→ **Work instruction**
Please retype the data in full and exactly; the pictures are not part of the copy.

→ **Provided material**
+++++

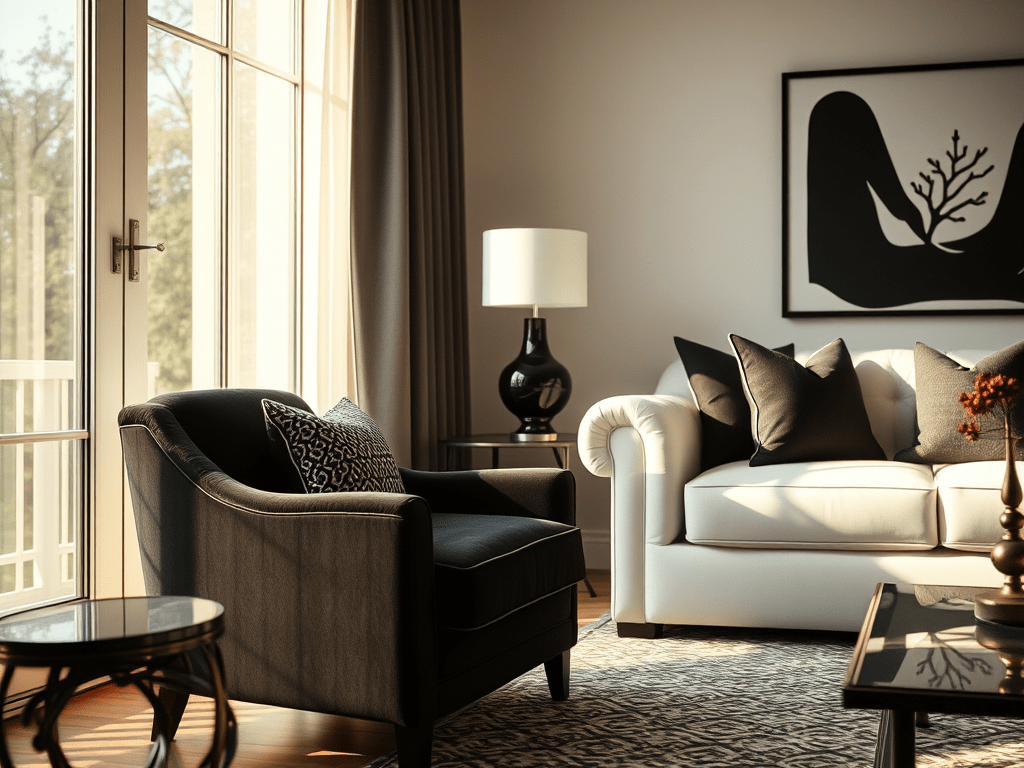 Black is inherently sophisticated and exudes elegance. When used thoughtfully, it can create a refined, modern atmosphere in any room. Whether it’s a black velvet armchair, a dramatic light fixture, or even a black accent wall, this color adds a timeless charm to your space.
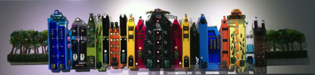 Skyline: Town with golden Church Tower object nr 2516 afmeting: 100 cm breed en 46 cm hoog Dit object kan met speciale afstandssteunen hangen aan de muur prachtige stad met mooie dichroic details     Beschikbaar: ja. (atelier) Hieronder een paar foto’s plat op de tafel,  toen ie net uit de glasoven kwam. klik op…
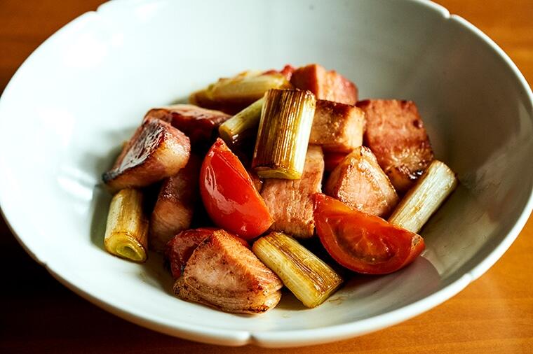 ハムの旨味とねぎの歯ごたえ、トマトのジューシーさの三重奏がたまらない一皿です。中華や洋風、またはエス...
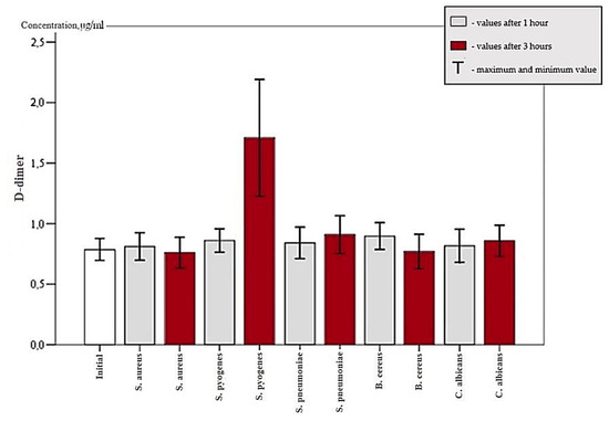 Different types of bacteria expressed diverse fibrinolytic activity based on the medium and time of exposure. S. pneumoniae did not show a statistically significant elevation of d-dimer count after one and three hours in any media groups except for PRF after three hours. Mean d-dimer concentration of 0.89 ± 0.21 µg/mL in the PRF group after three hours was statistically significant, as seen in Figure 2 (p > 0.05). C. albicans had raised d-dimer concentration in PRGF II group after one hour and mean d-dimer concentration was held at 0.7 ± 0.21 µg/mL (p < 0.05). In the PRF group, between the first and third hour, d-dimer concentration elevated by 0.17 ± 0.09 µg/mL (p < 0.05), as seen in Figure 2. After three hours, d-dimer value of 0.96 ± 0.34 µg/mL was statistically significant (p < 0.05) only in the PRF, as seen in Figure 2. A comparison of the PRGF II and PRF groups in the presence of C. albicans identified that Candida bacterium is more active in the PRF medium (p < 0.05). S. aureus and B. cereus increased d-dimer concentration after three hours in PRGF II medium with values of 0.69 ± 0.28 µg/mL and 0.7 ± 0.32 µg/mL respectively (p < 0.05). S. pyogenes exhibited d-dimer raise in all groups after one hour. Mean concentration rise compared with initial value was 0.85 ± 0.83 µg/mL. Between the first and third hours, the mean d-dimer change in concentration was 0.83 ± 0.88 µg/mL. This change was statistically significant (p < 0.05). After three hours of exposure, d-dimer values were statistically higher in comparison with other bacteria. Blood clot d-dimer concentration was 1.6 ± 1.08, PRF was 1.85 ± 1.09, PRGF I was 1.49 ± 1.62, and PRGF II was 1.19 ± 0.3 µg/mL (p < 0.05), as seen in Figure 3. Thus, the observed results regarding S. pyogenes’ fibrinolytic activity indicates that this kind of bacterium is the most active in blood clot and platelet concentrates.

+++++

→ **Response to this exercise**
 Black is inherently sophisticated and exudes elegance. When used thoughtfully, it can create a refined, modern atmosphere in any room. Whether it’s a black velvet armchair, a dramatic light fixture, or even a black accent wall, this color adds a timeless charm to your space.
 Skyline: Town with golden Church Tower object nr 2516 afmeting: 100 cm breed en 46 cm hoog Dit object kan met speciale afstandssteunen hangen aan de muur prachtige stad met mooie dichroic details     Beschikbaar: ja. (atelier) Hieronder een paar foto’s plat op de tafel,  toen ie net uit de glasoven kwam. klik op…
 ハムの旨味とねぎの歯ごたえ、トマトのジューシーさの三重奏がたまらない一皿です。中華や洋風、またはエス...
 Different types of bacteria expressed diverse fibrinolytic activity based on the medium and time of exposure. S. pneumoniae did not show a statistically significant elevation of d-dimer count after one and three hours in any media groups except for PRF after three hours. Mean d-dimer concentration of 0.89 ± 0.21 µg/mL in the PRF group after three hours was statistically significant, as seen in Figure 2 (p > 0.05). C. albicans had raised d-dimer concentration in PRGF II group after one hour and mean d-dimer concentration was held at 0.7 ± 0.21 µg/mL (p < 0.05). In the PRF group, between the first and third hour, d-dimer concentration elevated by 0.17 ± 0.09 µg/mL (p < 0.05), as seen in Figure 2. After three hours, d-dimer value of 0.96 ± 0.34 µg/mL was statistically significant (p < 0.05) only in the PRF, as seen in Figure 2. A comparison of the PRGF II and PRF groups in the presence of C. albicans identified that Candida bacterium is more active in the PRF medium (p < 0.05). S. aureus and B. cereus increased d-dimer concentration after three hours in PRGF II medium with values of 0.69 ± 0.28 µg/mL and 0.7 ± 0.32 µg/mL respectively (p < 0.05). S. pyogenes exhibited d-dimer raise in all groups after one hour. Mean concentration rise compared with initial value was 0.85 ± 0.83 µg/mL. Between the first and third hours, the mean d-dimer change in concentration was 0.83 ± 0.88 µg/mL. This change was statistically significant (p < 0.05). After three hours of exposure, d-dimer values were statistically higher in comparison with other bacteria. Blood clot d-dimer concentration was 1.6 ± 1.08, PRF was 1.85 ± 1.09, PRGF I was 1.49 ± 1.62, and PRGF II was 1.19 ± 0.3 µg/mL (p < 0.05), as seen in Figure 3. Thus, the observed results regarding S. pyogenes’ fibrinolytic activity indicates that this kind of bacterium is the most active in blood clot and platelet concentrates.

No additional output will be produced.